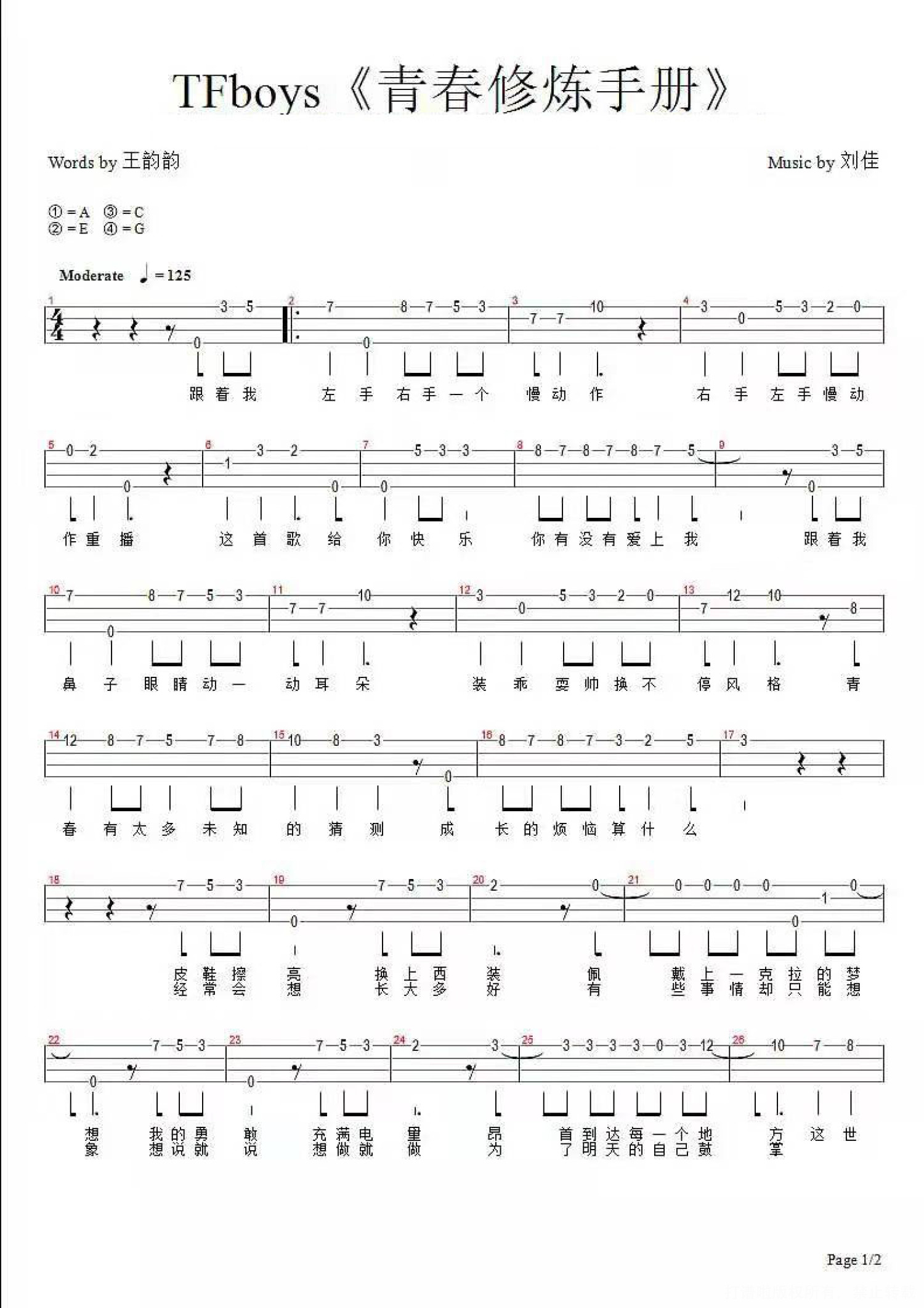 曲谱介绍: TFBOYS《青春修炼手册》_C调尤克里里谱
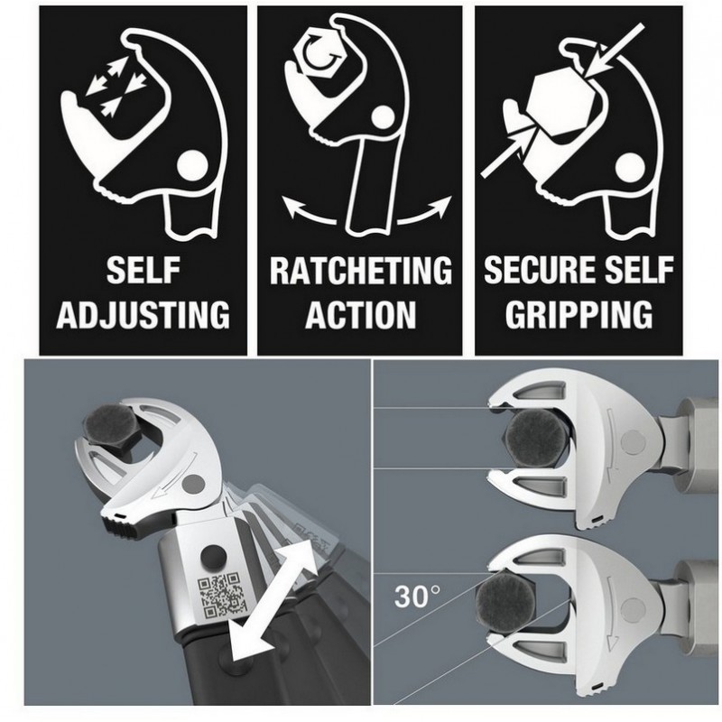 Altıgen vida başları ve cıvatalar için, 14x18 mm montajlı Click-Torque X ve XP serisi tork anahtarları için kendinden ayarlı uçlu anahtar. İlgili uygulama alanındaki tüm metrik ve İngiliz ölçülerini kapsar. Sürekli ve paralel çeneleri ile alet, birkaç tek anahtar boyutunun yerini alır. Alet altıgen cıvata veya vidaya takılırken gerekli boyut otomatik ve sürekli olarak ayarlanır. Entegre kol mekanizması, altıgen cıvata veya vidayı çeneler arasında güvenli bir şekilde sıkıştırarak kayma veya hasar riskini önemli ölçüde azaltır. Cırcır özelliği, aleti çıkarmadan hızlı ve tutarlı vidalama sağlar. Köşe genişliğindeki dikdörtgen prizmalar kullanılarak sadece 30°'lik bir dönüş açısı elde edilebilir.
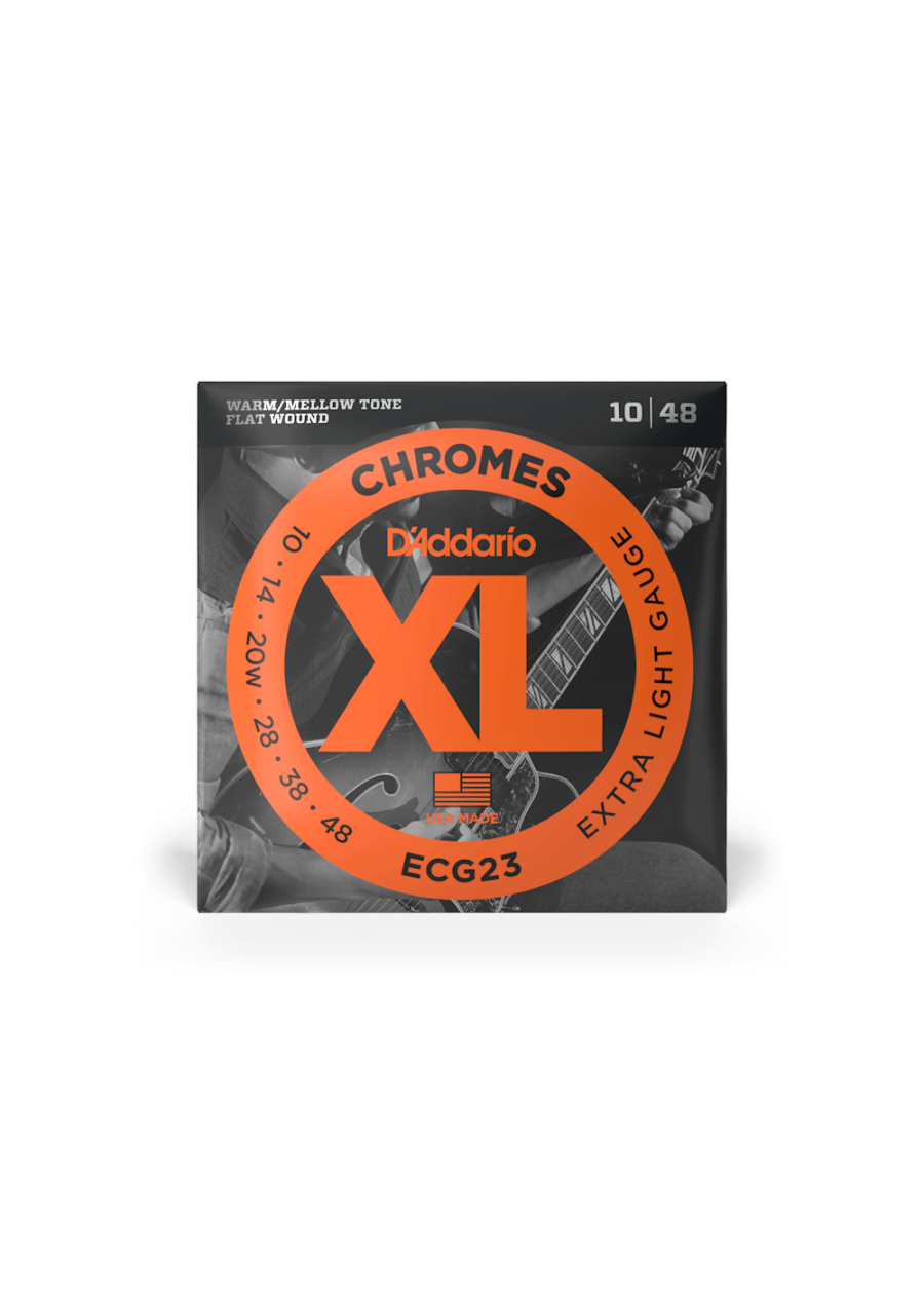 XL Chromes are our warmest, mellowest electric guitar strings. Beloved by jazz guitarists, as well as blues legends like Gary Clark Jr., these flat wound strings provide the smoothest feel and warmest tone, while allowing movement across the fretboard with no finger noise. Made with a high carbon steel core, Chromes’ stainless steel flattened ribbon wire is expertly wound onto a series of interlocking under-windings, then precisely polished for unparalleled smoothness and a sound which blends beautifully into any mix. 10-48 Extra Light is our lightest gauge of flatwound strings.
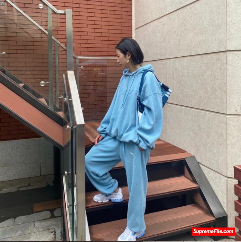 近期她上脚白蓝 Nike Air Zoom Spiridon Caged 2,同样搭配一身蓝色运动服套装和同色腋下包,满是潮流元素!
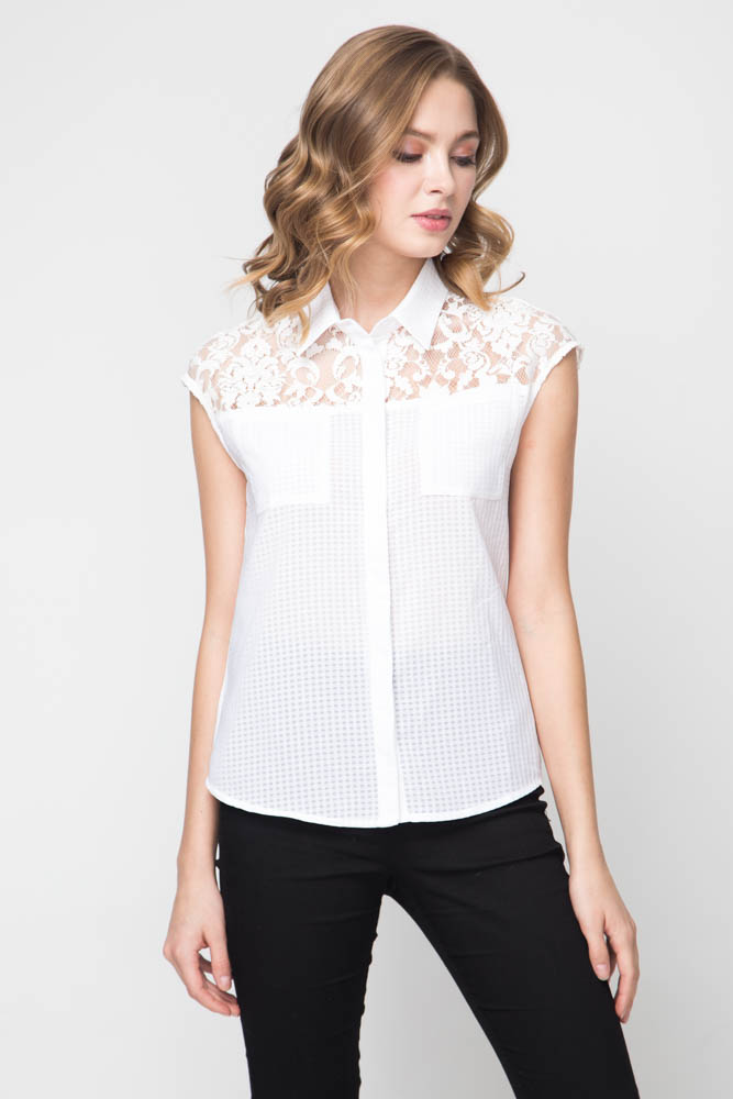 Легкая блузка с кружевом и двумя карманами на груди станет незаменимой вещью для летнего сезона. Элегантный воротник придает деловой стиль данной модели блузки, позволяя смело одевать ее в офис. Выберите свою блузку среди пяти представленных цветов данной модели.
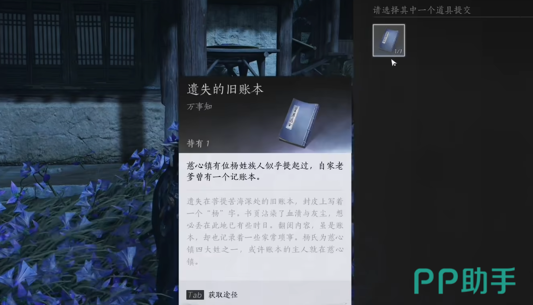 有了旧账本之后,接下来就得前往“慈光镇”了。镇上的风景如画,任务的目标是与杨一进行对话。在对话时,你需要将手中的旧账本交给杨一先。成功交付账本后,奖励也紧随其后。
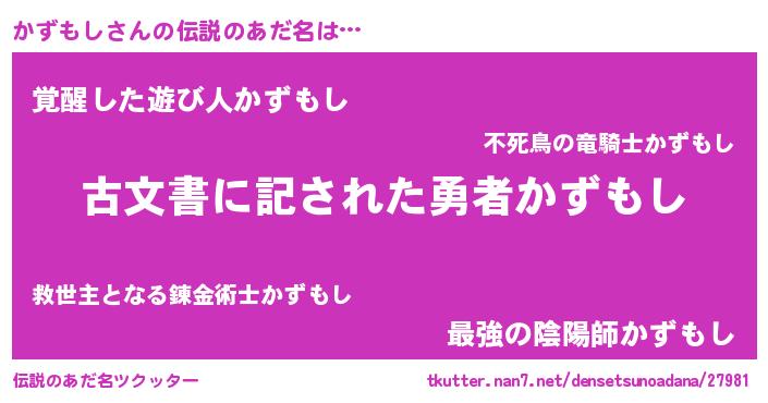 | ヒーロー風カッコイイあだ名 | 『ネオカズモシ』『天弓騎士カズ』 |

++++

### What you should do
Include the first line of the records, the line containing "Altıgen vida başları", and every line between them, repeated exactly. Skip the pictures.

### Task answer
 曲谱介绍: TFBOYS《青春修炼手册》_C调尤克里里谱
 Altıgen vida başları ve cıvatalar için, 14x18 mm montajlı Click-Torque X ve XP serisi tork anahtarları için kendinden ayarlı uçlu anahtar. İlgili uygulama alanındaki tüm metrik ve İngiliz ölçülerini kapsar. Sürekli ve paralel çeneleri ile alet, birkaç tek anahtar boyutunun yerini alır. Alet altıgen cıvata veya vidaya takılırken gerekli boyut otomatik ve sürekli olarak ayarlanır. Entegre kol mekanizması, altıgen cıvata veya vidayı çeneler arasında güvenli bir şekilde sıkıştırarak kayma veya hasar riskini önemli ölçüde azaltır. Cırcır özelliği, aleti çıkarmadan hızlı ve tutarlı vidalama sağlar. Köşe genişliğindeki dikdörtgen prizmalar kullanılarak sadece 30°'lik bir dönüş açısı elde edilebilir.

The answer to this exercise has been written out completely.